Security should also be taken into consideration, both physical and digital, with the location of the datacentre well defended from potentially malicious intruders.

"Another key element to keep in mind is to prevent any non-integration or potential problem areas between the IT and facilities teams. In order to avoid this, there should be corporate buy-in on the importance of the datacentre, and a corporate hand guiding the combined management of the datacentre by IT and facility teams," says Ward.

Experts also recommend the appointment of one central datacentre manager, who will co-ordinate equally between the IT and facilities teams, but report to a slightly higher level management, to ensure that everything runs smoothly in the datacentre. All of this must, ideally, be planned during the initial stages.

The final word

Though there are no hard and fast rules on how enterprises can plan and deploy their datacentres, there is enough documentation and experience available in the Middle East, and externally, to help any organisation on its path to setting up an efficient and cost-effective datacentre.

The only thing it needs to do is actually pay attention and put in some effort.

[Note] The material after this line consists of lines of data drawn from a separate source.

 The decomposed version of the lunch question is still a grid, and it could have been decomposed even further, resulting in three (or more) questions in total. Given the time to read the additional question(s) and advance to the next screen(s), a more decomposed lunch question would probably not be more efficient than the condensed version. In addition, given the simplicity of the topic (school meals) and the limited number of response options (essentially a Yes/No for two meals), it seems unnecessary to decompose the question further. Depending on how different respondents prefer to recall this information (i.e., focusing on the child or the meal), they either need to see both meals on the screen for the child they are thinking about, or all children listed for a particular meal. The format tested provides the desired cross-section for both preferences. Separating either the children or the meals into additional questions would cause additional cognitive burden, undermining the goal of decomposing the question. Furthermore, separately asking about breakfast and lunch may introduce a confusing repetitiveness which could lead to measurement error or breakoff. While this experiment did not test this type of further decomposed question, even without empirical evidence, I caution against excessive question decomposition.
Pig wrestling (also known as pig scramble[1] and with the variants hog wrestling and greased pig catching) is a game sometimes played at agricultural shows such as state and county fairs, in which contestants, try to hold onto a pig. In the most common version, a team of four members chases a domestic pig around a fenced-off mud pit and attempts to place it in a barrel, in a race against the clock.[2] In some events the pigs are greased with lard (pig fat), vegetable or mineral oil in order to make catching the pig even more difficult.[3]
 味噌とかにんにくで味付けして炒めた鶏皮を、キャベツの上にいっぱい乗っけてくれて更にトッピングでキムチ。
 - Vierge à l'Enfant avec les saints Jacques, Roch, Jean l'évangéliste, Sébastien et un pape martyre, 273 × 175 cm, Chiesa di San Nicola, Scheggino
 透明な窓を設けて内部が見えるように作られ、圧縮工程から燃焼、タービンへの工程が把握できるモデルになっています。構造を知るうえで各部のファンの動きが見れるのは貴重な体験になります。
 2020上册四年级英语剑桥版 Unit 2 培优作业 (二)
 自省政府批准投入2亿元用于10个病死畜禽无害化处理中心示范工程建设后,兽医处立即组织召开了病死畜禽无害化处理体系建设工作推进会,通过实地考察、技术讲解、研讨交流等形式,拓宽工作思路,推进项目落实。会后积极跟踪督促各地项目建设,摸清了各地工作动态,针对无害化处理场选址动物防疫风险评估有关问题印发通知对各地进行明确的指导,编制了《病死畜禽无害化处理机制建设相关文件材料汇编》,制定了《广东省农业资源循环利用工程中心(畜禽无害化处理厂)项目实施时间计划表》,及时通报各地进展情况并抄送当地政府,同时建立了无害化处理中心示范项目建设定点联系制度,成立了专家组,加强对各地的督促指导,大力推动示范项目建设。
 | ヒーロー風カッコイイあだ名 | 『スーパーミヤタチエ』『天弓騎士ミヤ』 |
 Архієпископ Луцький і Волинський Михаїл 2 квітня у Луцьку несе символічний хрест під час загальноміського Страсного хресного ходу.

Some best practices for datacentres

1. Plug holes in the raised floor

Most raised-floor environments have cable holes, conduit holes and other breaches that allow cold air to escape and mix with hot air. This single low-tech retrofit can save as much as 10% of the energy used for datacentre cooling.

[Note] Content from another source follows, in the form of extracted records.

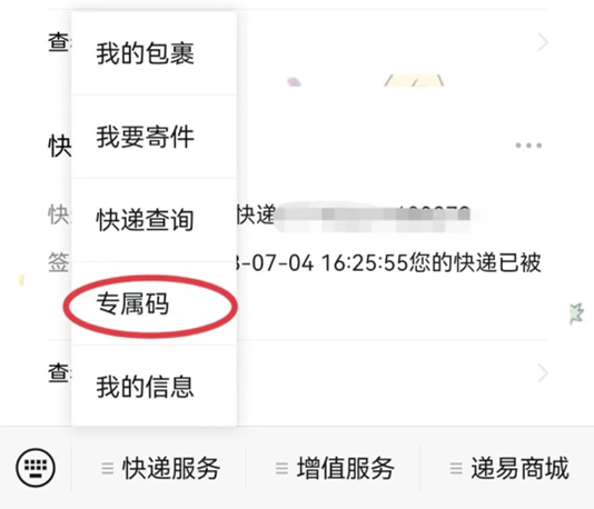 在①②区域取件时,打开“递易校趣”公众号,点击菜单栏“快递服务”中的专属码,把快递条形码和专属码一起放到扫码器下扫描,听到“出库成功”后就可以拿走快递啦!
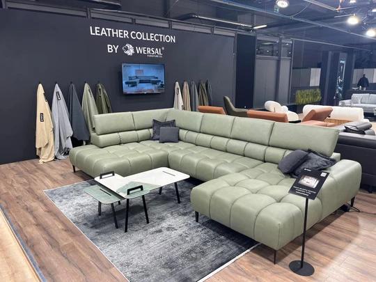 Moderní sedací souprava ARKUS XL ve tvaru U s elektricky nastavitelnou hloubkou sezení.
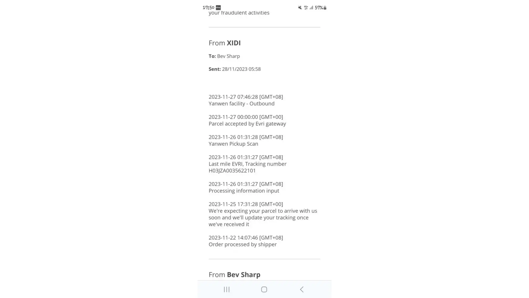 I ordered a mobile phone that arrived on 17th November 2023 under evri tracking number H03JZA0035622101.
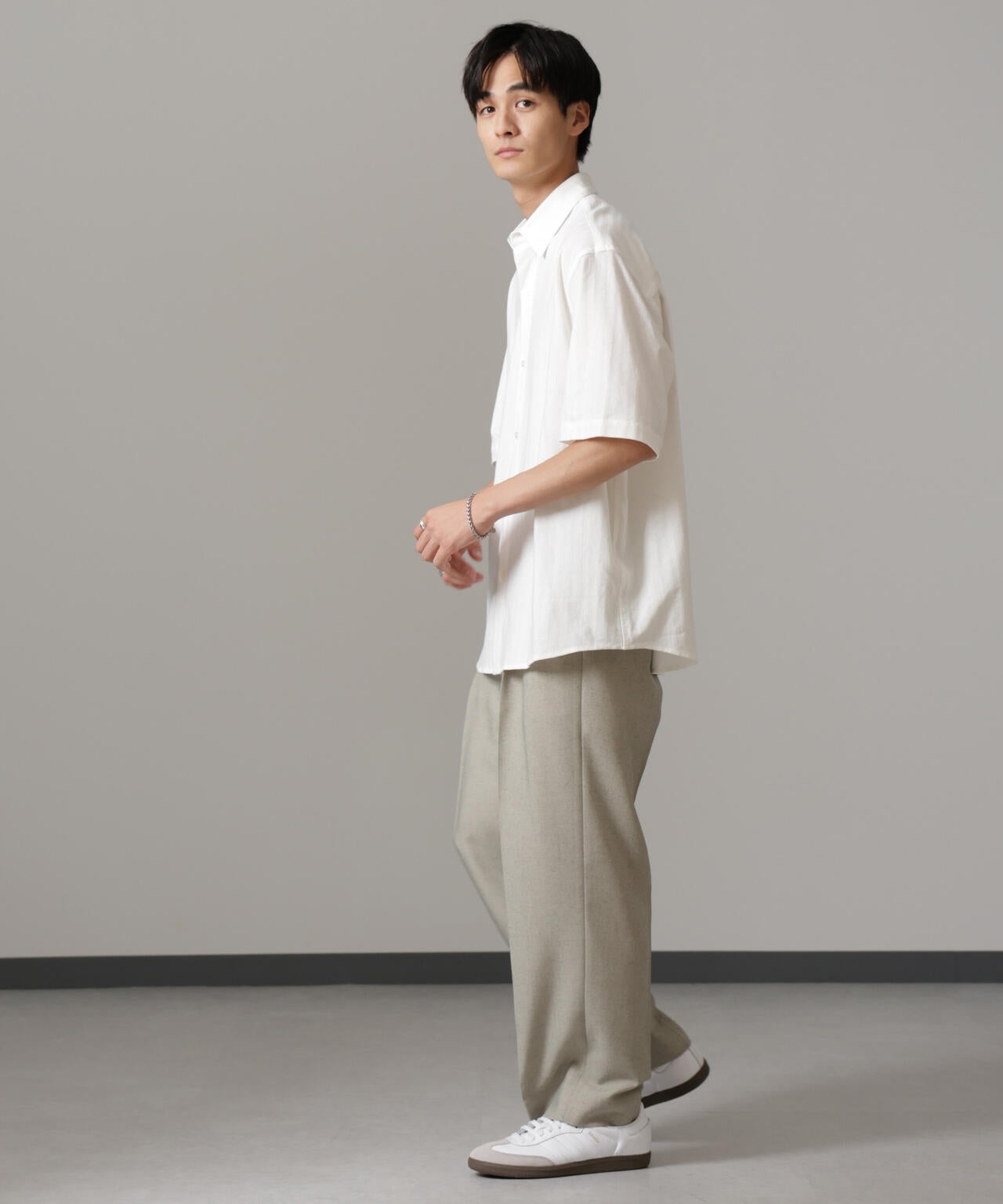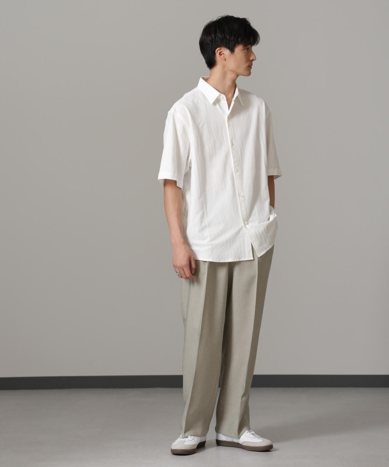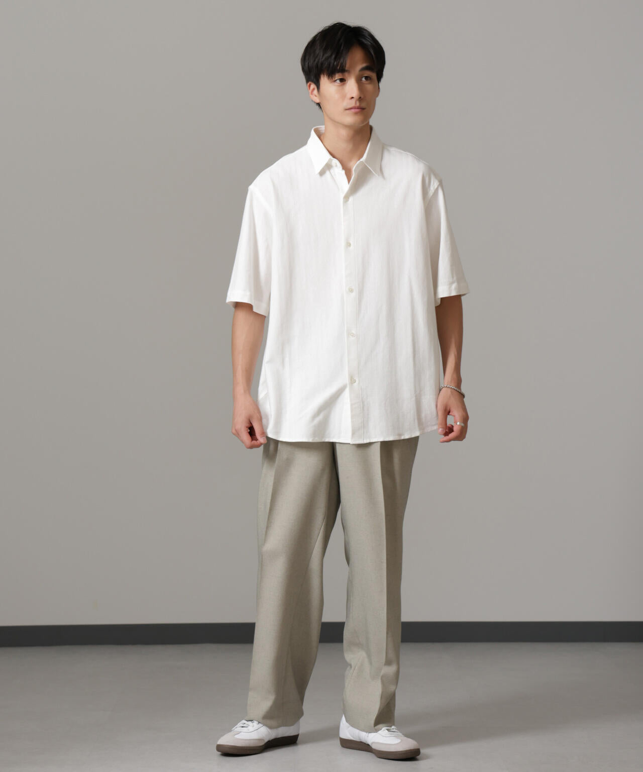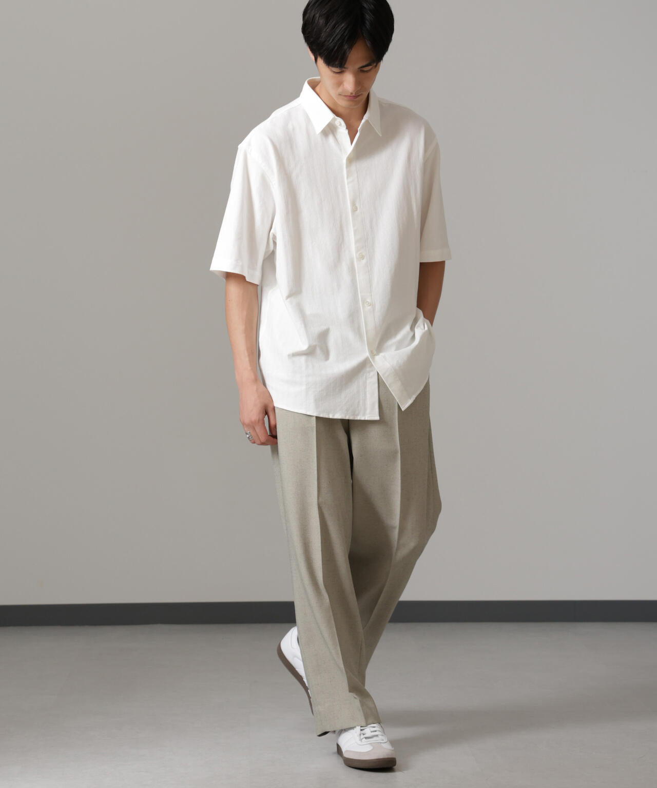 ワイドめなパンツと合わせ、Iシルエットを構築するスタイリングがおすすめです。

2. Install blanking panels

When the panels are used effectively, supply air temperatures are lowered by as much as 22°F (5.6°C), greatly reducing the electricity consumed by fans in the IT equipment, and alleviating hot spots in the datacentre.

3. Co-ordinate CRAC units

Older computer room air-conditioning units (CRACs) operate independently in cooling and dehumidifying the air. These units should be tied together with newer technologies so efforts are co-ordinated.

4. Improve underfloor airflow

Older datacentres typically have constrained space underneath the raised floor that is not only used for the distribution of cold air, but also has served as a place for data cables and power cables. Many old datacentres have accumulated such a tangle of these cables that airflow is restricted, so the underfloor should be cleaned out to improve airflow.

5. Implement hot aisles and cold aisles

Newer rack layout practices instituted in the past ten years demonstrate that organising rows into hot aisles and cold aisles is better at controlling the flow of air in the datacentre.

6. Install sensors

A small number of individual sensors can be placed in areas where temperature problems are suspected.

7. Implement cold-aisle or hot-aisle containment

Once a datacentre has been organised around hot aisles and cold aisles, dramatically improved separation of cold air supply and hot exhaust air through containment becomes an option.

8. Raise the temperature in the datacentre

Many datacentres are run colder than an efficient standard. The American Society of Heating, Refrigerating, and Air-Conditioning Engineers (ASHRAE) has increased the top end of allowable supply-side air temperatures from 77°F (25°C) to 80°F (26.7°C). Not all datacentres should be run at the top end of this temperature range, but a step-by-step increase, even to the 75°F (23.9°C) to 76°F (24.4°C) range, would have a beneficial effect on datacentre electrical use.

9. Install variable speed fans and pumps

Traditional CRAC units contain fans that run at a single speed. Emerging best practice suggests variable speed fans be used whenever possible. A reduction of 10% in fan speed yields a reduction in the fan's electrical use of around 27%. A 20% speed reduction yields electrical savings of around 49%.

10. Exploit "free cooling"

"Free cooling" is the general name given to any technique that cools air without the use of chillers or refrigeration units. The amount of free cooling available depends on the local climate, and ranges from approximately 100 hours per year to more than 8,000 hours per year.

11. Design datacentres using modular cooling

Traditional raised-floor-perimeter air distribution systems have long been the method used to cool datacentres. However, mounting evidence strongly points to the use of modular cooling (in-row or in-rack) as more energy-efficient.